Que mi madre y padre hubiesen aprendido a navegar aún me parece una maravilla, ya que ningune de elles viene de un linaje de navegación. Sus ancestres eran gente de montaña. Al desenredar el largo hilo de la historia de mi familia, con frecuencia me preguntaba por las fuerzas que les sacaron de las montañas y les llevaron a bajar los ríos para vivir en la boca del mar.

Mientras crecía, viví en una casa a unas pocas millas del océano, pero aún a esa distancia, nunca estuvo lejos de nuestras vidas. Mi padre llevaba una carta de mareas en su maletín, y remos en la cajuela de su carro. En la entrada de nuestra casa colgaba un viejo barómetro dorado que mi madre consultaba de forma periódica para leer el clima y los humores cambiantes de sus visitas.

En la escuela, nuestra mascota era una embarcación clíper, una enorme goleta con tres mástiles que alguna vez fue construida y lanzada en el estuario de mareas que era nuestro puerto.
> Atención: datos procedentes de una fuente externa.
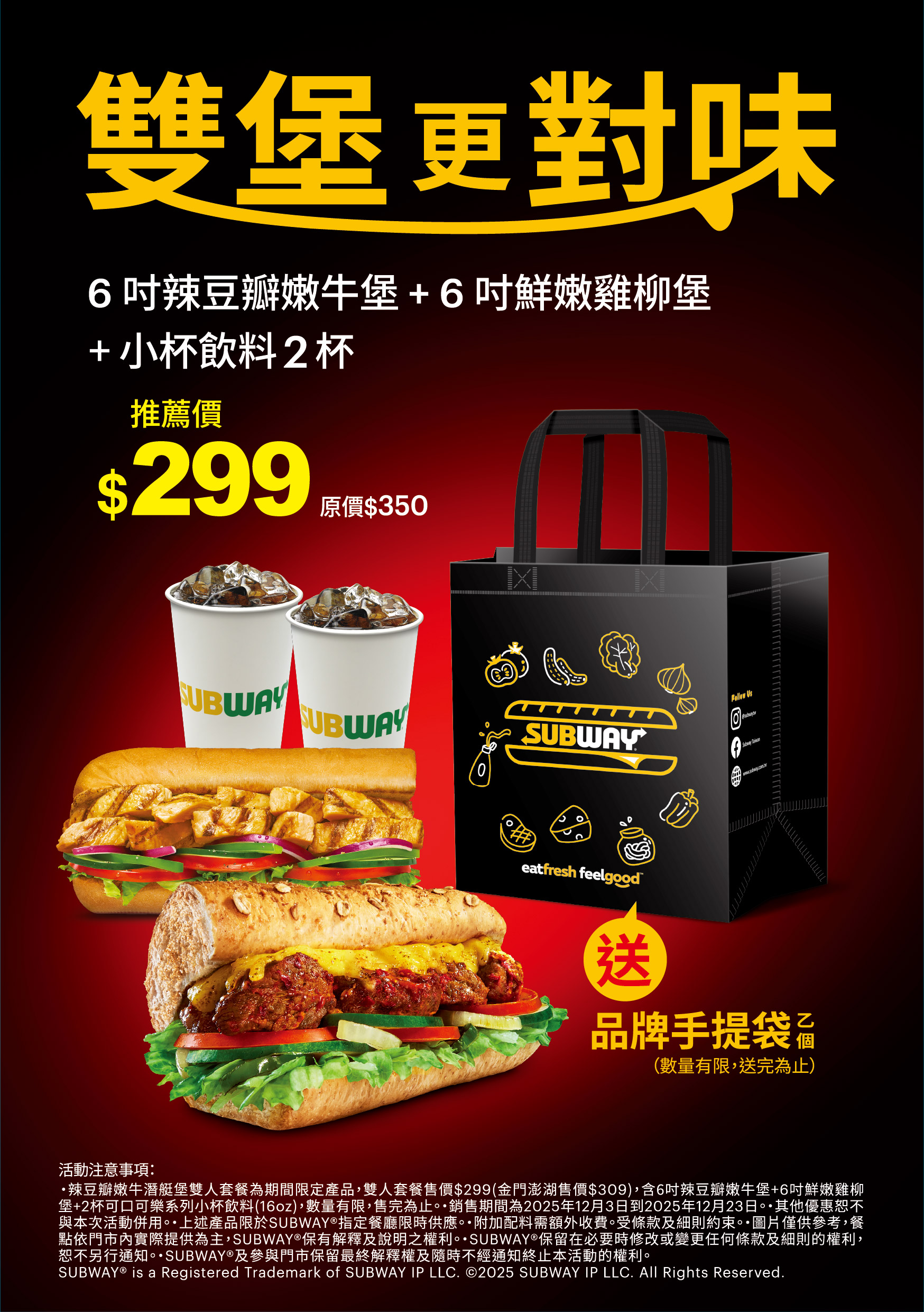 套餐內容 : 辣豆瓣嫩牛6吋潛艇堡 + 鮮嫩雞柳6吋潛艇堡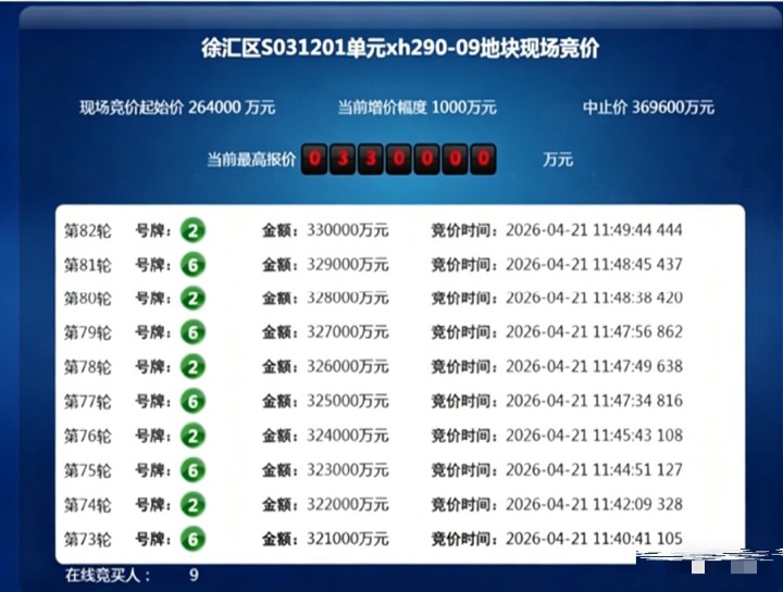 上海土地市场再次升温。4月21日,2026年第三批次宅地出让落下帷幕。徐汇长桥、普陀石泉、金山新城三幅地块共收金72.1亿元。其中,最引人注目的是徐汇长桥地块。经过82轮竞价,招商蛇口从9家头部房企中胜出,以25%的溢价率将其收入囊中。这也是今年以来,上海土拍溢价率首次突破25%。

Cuando la última era de hielo terminó, dejó tallada la costa rocosa como una desmarañada red de ensenadas y serpenteantes istmos. Marea tras marea, los mares que se estaban calentando barrieron los valles, rodeando montañas e inundando mesetas. Los rayos del sol se filtraron en las aguas poco profundas que alguna vez fueron recorridas por gigantes perezosos y mastodontes, y de la mezcla de corrientes calientes y frías florecieron nubes de fitoplancton. Los mares lentamente se volvieron plateados llenos de pescados. Les ancestres de las personas Wabanaki siguieron la retirada del hielo hasta esta región, y por miles de años viajaron bajando los arroyos y ríos interiores que corrían a través de las islas y el océano, tejiendo una vasta red de carreteras de agua con sus canoas de corteza de abedul mientras pescaban y forrajeaban en sus rondas estacionales.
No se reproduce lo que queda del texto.